BEGIN DATA TO PROCESS
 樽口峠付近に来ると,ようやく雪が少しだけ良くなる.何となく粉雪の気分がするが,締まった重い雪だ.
END DATA TO PROCESS
BEGIN DATA TO PROCESS
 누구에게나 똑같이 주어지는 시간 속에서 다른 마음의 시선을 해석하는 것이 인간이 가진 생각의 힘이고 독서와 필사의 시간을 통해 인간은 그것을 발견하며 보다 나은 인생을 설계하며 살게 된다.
END DATA TO PROCESS
BEGIN DATA TO PROCESS
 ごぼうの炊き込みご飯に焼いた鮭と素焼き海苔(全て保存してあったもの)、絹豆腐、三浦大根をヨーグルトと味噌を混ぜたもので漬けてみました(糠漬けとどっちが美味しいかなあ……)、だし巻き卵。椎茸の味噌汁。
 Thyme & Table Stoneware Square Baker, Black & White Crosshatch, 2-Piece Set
END DATA TO PROCESS
■ TASK STATEMENT ■
Only one part of the material above is to be transcribed, namely the lines starting with the line that has "ごぼうの炊き込みご飯に焼いた" and going on through the line that has "Thyme & Table", exactly as they stand.

■ RESPONSE FOR THIS EXERCISE ■
 ごぼうの炊き込みご飯に焼いた鮭と素焼き海苔(全て保存してあったもの)、絹豆腐、三浦大根をヨーグルトと味噌を混ぜたもので漬けてみました(糠漬けとどっちが美味しいかなあ……)、だし巻き卵。椎茸の味噌汁。
 Thyme & Table Stoneware Square Baker, Black & White Crosshatch, 2-Piece Set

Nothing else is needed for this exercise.